In attesa delle primarie, Matteo Renzi torna sui falsi conclamati dell'inchiesta Consip, contro suo padre e «soprattutto contro il presidente del Consiglio pro tempore», cioè lui. «Una vicenda molto grave - dice - su cui sarà doveroso fare totale e piena chiarezza: chiediamo la verità». E avverte: «Questa storia non finirà nel dimenticatoio».
Intanto attende con impazienza, per tornare pienamente in pista, le primarie del 30 aprile. Il mandato ai suoi colonnelli è stato molto chiaro: «Voglio una squadra compatta su cui poter contare, perché nei prossimi mesi ci giocheremo molto». Per non essere costretto a logoranti mediazioni con i capicorrente e condizionato dalle fronde interne, l'ex premier deve innanzitutto assicurarsi una maggioranza blindata negli organismi dirigenti: l'Assemblea nazionale, eletta con liste bloccate abbinate ai candidati, e la Direzione (nominata, su proposta del segretario, dall'Assemblea medesima). Sono le sedi da cui passeranno le decisioni sulla linea del Pd (ad esempio sulla legge elettorale) e sulle candidature alle prossime elezioni: per questo non sono consentiti errori. E gli strateghi renziani, in primis Luca Lotti e Lorenzo Guerini, si sono per tempo messi al lavoro per portare a casa il risultato, imbrigliando le correnti interne (innanzitutto la più temuta per abilità manovriera, quella di Dario Franceschini) per rendere autosufficiente il futuro segretario.

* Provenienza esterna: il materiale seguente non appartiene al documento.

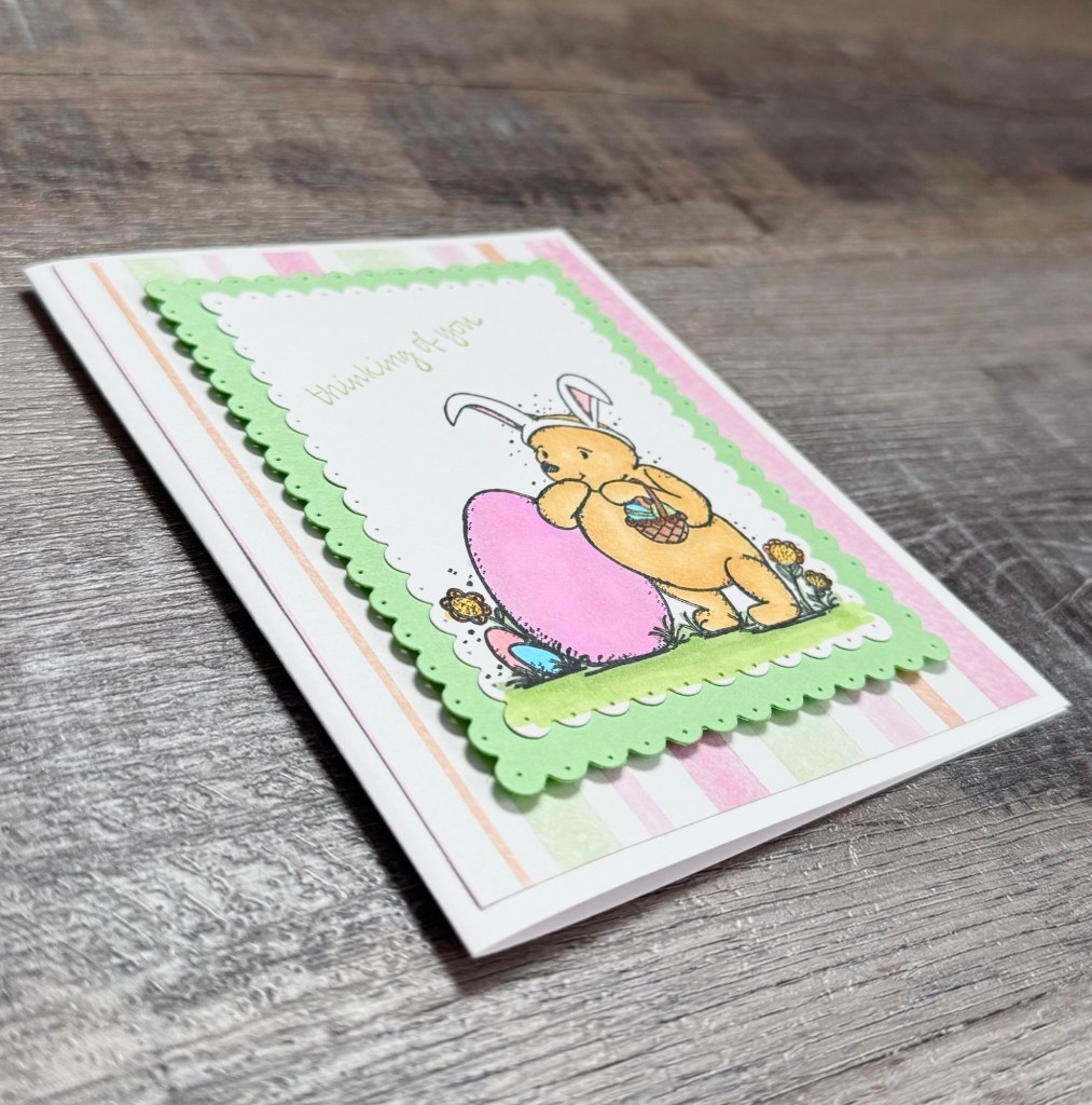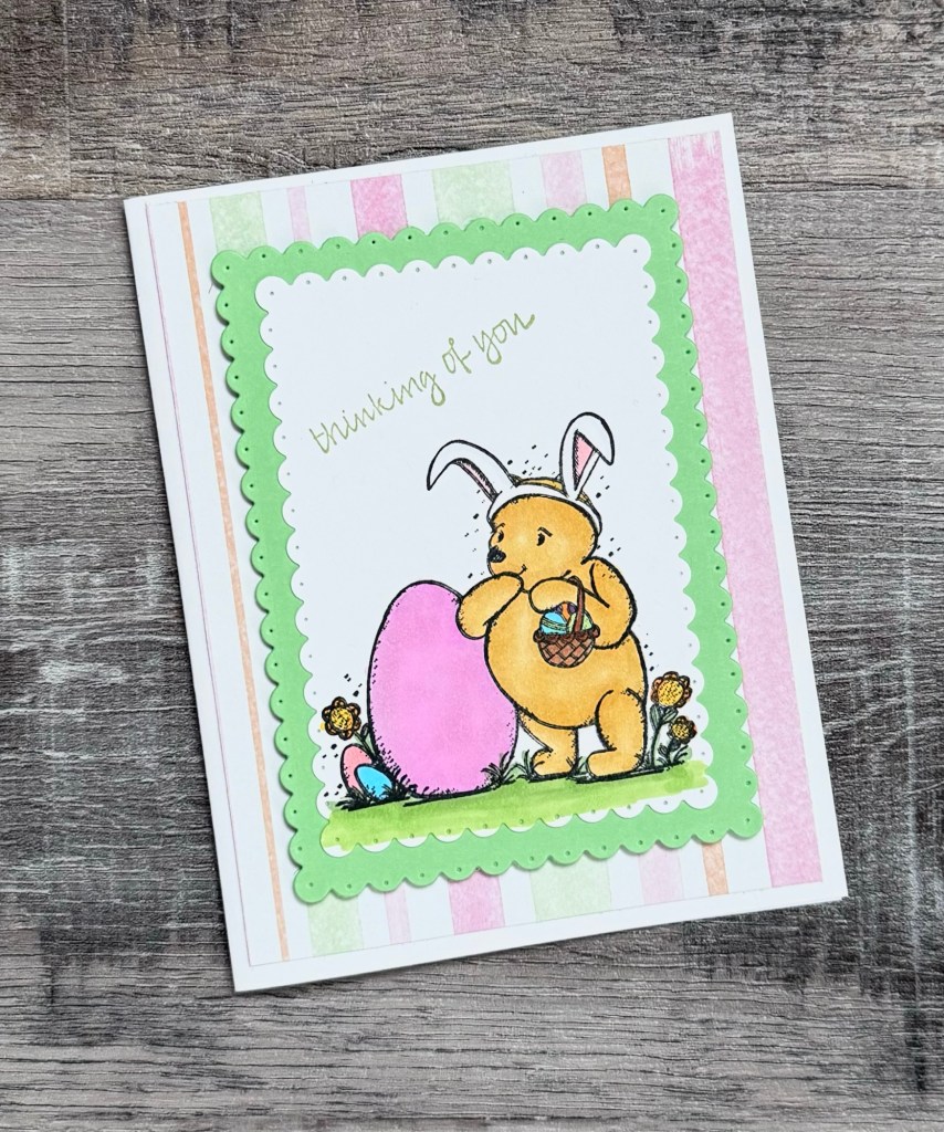 I stamped my “thinking of you” sentiment with green ink at an angle above Pooh. This is one of my older stamps. Use your favorite sentiment – or none at all. 😊 I stamped “Happy Easter” on the inside of my card so I wanted something else on the front.
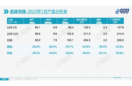 2月8日,乘联会发布了乘用车最新产销数据。1月,我国狭义乘用车产量为135.3万辆,环比下降36%,同比下降33.9%。销量方面,1月狭义乘用车零售129.3万辆,环比下降40.4%,同比下降37.9%,市场呈现相对低迷的特征。
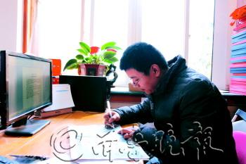 有的读者特意赶到评选办公室现场填写“地标酒”选票。朱頔 摄 本刊记者 朱頔
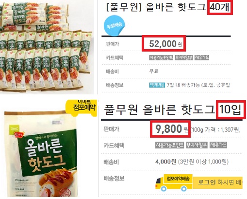 지난해 12월 이마트몰에서 풀무원 ‘올바른 핫도그’ 40개짜리를 5만2천 원에 구입한 강 씨. 대용량 제품이 더 저렴할 거라 생각한 게 잘못이었다.

Il risultato, assicurano nel Pd, è stato raggiunto con ragionevole certezza: con una percentuale attorno al 60% per Renzi, i membri dell'Assemblea eletti dalla sua mozione saranno tra i 630 e i 640 sui mille totali. Suddivisi così: 420/430 renziani, 85/95 franceschiniani, 60/62 per Maurizio Martina e 55 per Matteo Orfini. Ai membri eletti andranno poi aggiunti quelli di diritto: 100 parlamentari, 20 segretari regionali (quasi tutti renziani), ministri eccetera. Il resto verrà diviso tra i candidati sconfitti, presumibilmente Andrea Orlando e Michele Emiliano. «Sarà difficilissimo mettere in minoranza Matteo - tira le somme un alto dirigente democrat - e soprattutto potremo scegliere di volta in volta, se costretti, la componente più congeniale con cui dialogare. Anche se ovviamente l'obiettivo è tenere tutti insieme».
Quei numeri blindati torneranno utili molto presto, appena si aprirà il dossier legge elettorale. Cosa che Matteo Renzi ha intenzione di fare subito dopo l'8 maggio, quando l'Assemblea nazionale proclamerà i risultati delle primarie e insedierà la Direzione. Il Pd si dividerà sulle modifiche da apportare all'ex Italicum della Camera e al Consultellum del Senato, e il pericolo da sventare, per Renzi, è che si crei un asse interno tra i fautori del ritorno all'Unione di prodiana memoria, e quindi del premio di maggioranza alla coalizione, sostenuto sia da Franceschini che dagli oppositori di Renzi, come Andrea Orlando. Che ieri ha mandato segnali in questo senso: «Con la sua ossessione di tornare a Palazzo Chigi, Renzi rischia di essere un ostacolo alla ricomposizione del centrosinistra», tuona. Il ragionamento del Guardasigilli a favore del premio di coalizione è chiaro: «Il tema delle alleanze è la vera questione per il Pd: vogliamo andare da soli verso la sconfitta, o ricostruire un fronte di forze diverse per contrastare il populismo ed evitare la prospettiva di un rapporto con Berlusconi?».
Un asse Franceschini-Orlando sul premio di coalizione scavalcherebbe il segretario nel dialogo con Berlusconi.
E inficerebbe la strategia renziana, che invece prevede di usare il bastone e la carota col Cavaliere, minacciando l'abolizione dei capilista bloccati per ottenere, oltre al mantenimento del premio alla lista, anche la modifica delle soglie di entrata in Parlamento, portandole al 5% in entrambe le Camere. Ecco perché a Renzi quei numeri blindati servono come il pane.